This separation means you can:

  • Update middleware without migrating stored data
  • A/B test different agent configurations
  • Keep secrets (API keys) out of the database

Restoration Pattern

# Load persisted state
{:ok, persisted_state} = Conversations.load_agent_state(conversation_id)

# Create fresh agent from code
{:ok, agent} = AgentFactory.create_agent(agent_id: "conv-#{conversation_id}")

# Combine: code config + persisted state
{:ok, pid} = AgentServer.start_link(
  agent: agent,
  initial_state: persisted_state,
  pubsub: {Phoenix.PubSub, :my_pubsub}
)

Registry and Discovery

Agents register with a named Registry:

# Registration happens in AgentServer.start_link
Registry.register(Sagents.Registry, agent_id, %{})

# Discovery
AgentServer.list_running_agents()
# => ["conversation-1", "conversation-2"]
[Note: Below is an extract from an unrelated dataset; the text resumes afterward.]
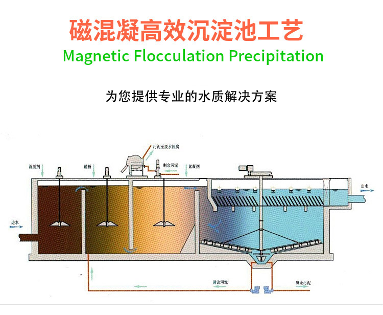 其原理是向原水中投加適量混凝劑、磁種、助凝劑等,使污染物快速絮凝,同時磁種大幅提高絮 體的質(zhì)量,加快了絮體沉降速度,提高了沉淀池的表面負荷,縮短了水力停留時間,提高了處理效率 及出水水質(zhì)標準。其出水效果良好,對于SS、TP、COD、BOD等都有較好的去除效果。

AgentServer.whereis("conversation-1")
# => #PID<0.1234.0>

Supervision Tree

Application Supervisor

 Phoenix.PubSub (:my_pubsub)

 Sagents.Registry

 Sagents.FileSystemSupervisor (DynamicSupervisor)
    FileSystemServer ({:user, 1})      # Scoped independently
    FileSystemServer ({:user, 2})
    FileSystemServer ({:project, 42})  # Can be shared across agents

 Sagents.AgentsDynamicSupervisor (DynamicSupervisor)
    
     AgentSupervisor ("conversation-1")
        AgentServer
        SubAgentsDynamicSupervisor
            SubAgentServer
            SubAgentServer
    
     AgentSupervisor ("conversation-2")
        ...
    
     ...

Flexible Scoping: FileSystemServer lives outside the AgentSupervisor tree, allowing different scoping strategies. For example:

  • User-scoped filesystem: All of a user's conversations share the same files
  • Project-scoped filesystem: Multiple users' conversations on the same project share files
  • Conversation-scoped filesystem: Each conversation has isolated files

Agents reference their filesystem by scope tuple (e.g., filesystem_scope: {:user, 123}), and the FileSystem middleware looks up or starts the appropriate FileSystemServer.

Error Handling

Agent Crashes

If an AgentServer crashes:

  1. Supervisor restarts it
  2. State is lost (unless persisted)
  3. Clients receive {:agent_shutdown, %{reason: :crash}}

To preserve state across crashes, enable auto-save:

AgentServer.start_link(
  agent: agent,
  auto_save: [
    callback: &MyApp.save_state/2,
    interval: 30_000  # Save every 30 seconds
  ]
)

LLM Errors

LLM API errors are handled gracefully:

case LLMChain.run(chain) do
  {:ok, chain} ->
    # Success
    {:ok, extract_state(chain)}

  {:error, chain, reason} ->
    # Broadcast error, keep state intact
    broadcast(:status_changed, :error, reason)
    {:error, reason}
end

Tool Execution Errors

Tool errors are returned to the LLM as tool results:

# If tool function returns {:error, reason}
%ToolResult{
  tool_call_id: call_id,
  content: "Error: #{reason}",
  is_error: true
}

The LLM can then decide how to proceed (retry, ask user, etc.).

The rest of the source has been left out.